The Data from CLC location option means users will be prompted to select data from a CLC location for analysis. This data will be exported, such that the bowtie tool can use it. The second element in this line specifies the format the data should be exported to. This is set to FASTA (.fa/.fsa/.fasta) as this is the format the bowtie tool expects sequencing read data.
- The bowtie index parameter expects the name of a bowtie index. Specifying the type Text for this parameter means a user will see a box in the Workbench wizard that they can type text into. Here, a default name, "coli" has been specified, which can be changed when launching this tool.
For options like this, a more user-friendly choice that would be less subject to user error would be CSV enum. With that type, a list of indices can be entered, which is then presented to the Workbench user as a drop-down list they can choose an item from. An example of a parameter using this type is max number of multimatches, described below.
- The sam file parameter refers to the sam mapping file that bowtie generates as one of its results file. Thus, the type is set to Output file from CL. Import of sam files into the CLC Server involves a tool that requires user input. Thus, a post processing tool is configured. This can be seen immediately by the text in the second drop-down box: "Linked with Import SAM/BAM/CRAM Mapping Files".
If a parameter with type Output file from CL is not mapped to a parameter of a post processing step, the text displayed is "Do not standard import / map to high-throughput sequencing importer". Mapping of outputs to post processing tools is described in more detail below.
The last entry in the configuration of the sam file parameter is the name of the sam output file that bowtie should generate. Here it is set to sam_output. This file name is used by the bowtie command. Those launching the external application do not see this file name..
- The max number of multimatches parameter allows a user to select the maximum number of locations a read can map equally well to for it to be included in the mapping. The type is set to CSV enum, which means a user will be able to select a value from a drop down list of the 3 values listed in the last field (2,3,4). The first value will be the default. The values in the middle field are those passed to the bowtie wrapper script and then onto bowtie. So, for example, if "2,3,4" were entered in the middle field, and "two, three, four" in the last field, a user could select the option "two", and bowtie would be sent the value 2.
- The multimatch filename parameter refers to another output from bowtie, this one containing fasta formatted reads that match to multiple locations of the reference equally well. Since it is a result file, the type is set to Output file from CL. We have decided to use a post processing tool to bring the results back into the CLC Server, the Fasta High-Throughput Sequencing Import tool.

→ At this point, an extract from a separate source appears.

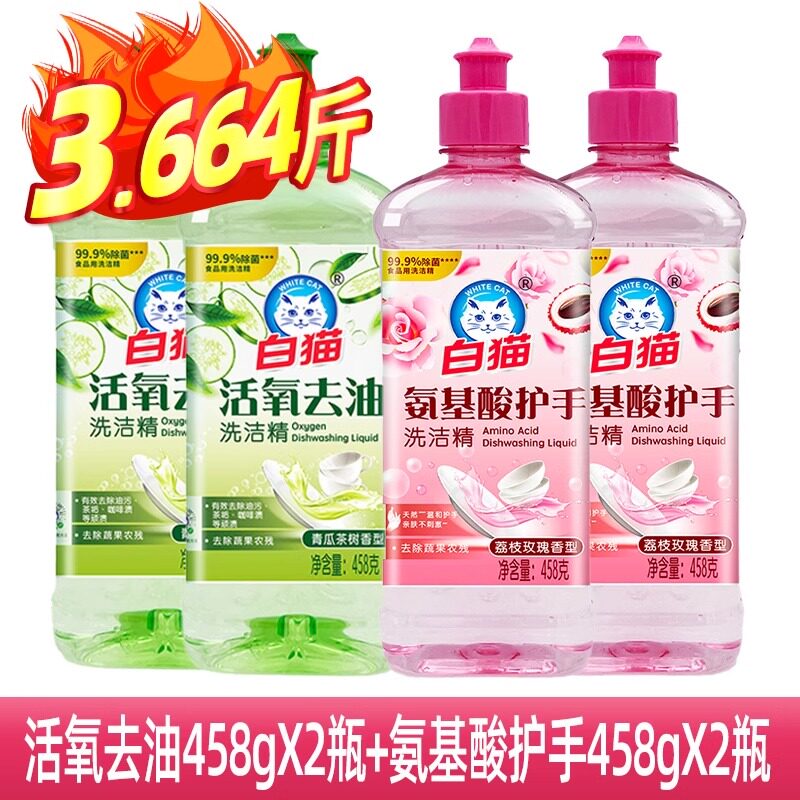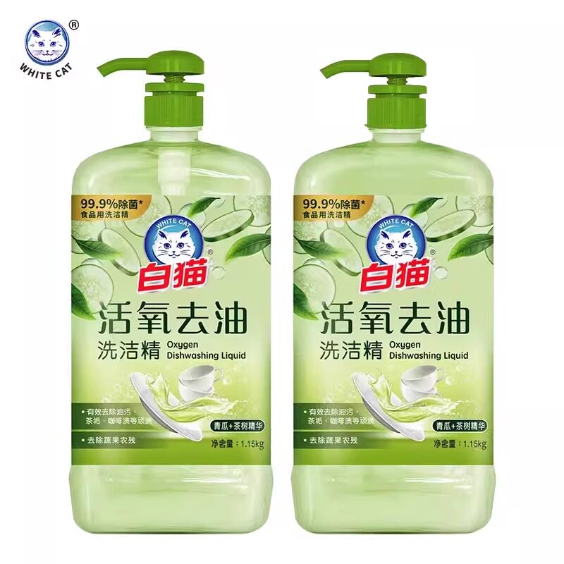📚 白猫活氧去油洗洁精1.15kg2瓶果蔬净护手家用厨房家庭装正品包邮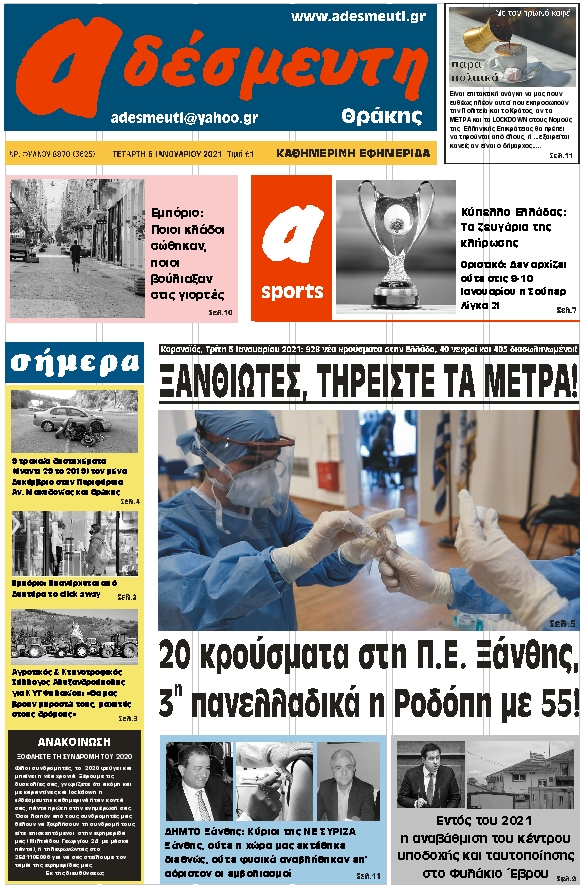 ΤΕΤΑΡΤΗ 6 ΙΑΝΟΥΑΡΙΟΥ 2021

- The max number of mismatches parameter allows a user to select the maximum number of mismatches to be allowed between a read and the reference in order for a read to be considered as matching the reference at that location. The type is set to CSV enum, and is presented to a user in the same way as the max number of multimatches parameter described above.
- The report all matches is set to type Boolean text. This is presented as a checkbox in the Workbench launch wizard. When checked, the value in the text field, here "-a", is passed to bowtie. When not checked, nothing is passed to bowtie relating to this setting.
Post processing - importing the results from Bowtie
Click on the High-throughput sequencing import /Post-processing tab to expand this area. Two post-processing tools are specified in this configuration: Import SAM/BAM/CRAM Mapping Files and Fasta High-Throughput Sequencing Import.
In each case, clicking on the Edit and map parameters... button below it opens the configuration window for that tool. Here, several types of configuration can be carried out.
- Mapping of outputs of the external application to inputs of the post processing tool.
- Locking or unlocking of parameters, determining which parameters users can alter when launching the tool via the Workbench or Command Line Tools.
- Setting default values for parameters of the external application.
Here, we step through the configuration of the Import SAM/BAM/CRAM Mapping Files tool. The configuration of the Fasta High-Throughput Sequencing Import is similar.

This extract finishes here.